Signal-to-Noise Ratio and Sample Size Govern Representational Alignment in Neural Networks
This work provides insights for practitioners into how data quality and quantity influence neural network representations, decoupling alignment from generalization.
The paper investigates how signal-to-noise ratio (SNR) and training sample size affect representational alignment in neural networks, finding that alignment varies monotonically with SNR but non-monotonically with sample size, with minimum alignment near the interpolation threshold, and that stronger alignment does not necessarily improve generalization.

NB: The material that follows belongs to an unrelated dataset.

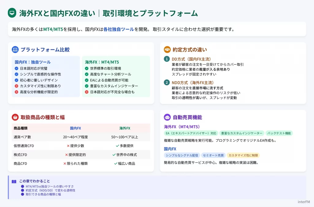 海外FXと国内FXは似ているようで、実際には法的規制から取引条件まで明確に異なります。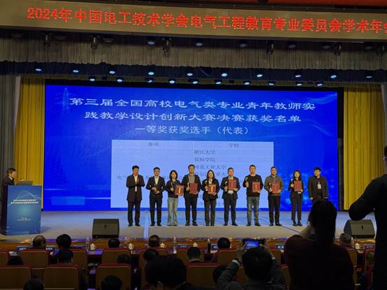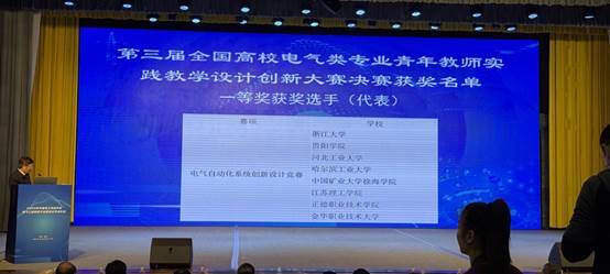 由教育部高等公司电气类专业教学指导委员会、中国电工技术学会主办的第三届全国高校电气类专业青年教师实践教学设计创新大赛决赛1115日在徐州工程公司举行。公司williamhill中国官方网站参赛教师郑俊强、房钰栋、唐斌自主研发的《学练融合、虚实一体,全流程多感官机电自动化综合实训平台》斩获大赛一等奖,取得电气自动化系统创新设计赛道第一名(与浙江大学并列)的优异成绩。

Neural networks are known to develop latent representations that are $aligned$, namely structurally similar across networks trained with different architectures, training protocols, or training datasets. We study this phenomenon in a controlled setting, where we train an ensemble of networks on regression and classification tasks using training sets perturbed by independent realizations of a noise process. We show that the signal-to-noise ratio (SNR) and the training sample size influence the alignment in qualitatively similar ways in networks trained on real-world datasets and in an extremely simple $linear$ network with a single hidden layer, for which the alignment can be estimated analytically. Across linear and nonlinear networks, regression and classification tasks, and both synthetic and real-world data, we consistently observe that alignment varies monotonically with SNR but non-monotonically with training sample size. In particular, the alignment is minimized near the interpolation threshold, and a stronger alignment does not necessarily correspond to better generalization error. These findings reveal a non-trivial dependence of alignment on data quality and quantity, decoupled from generalization performance.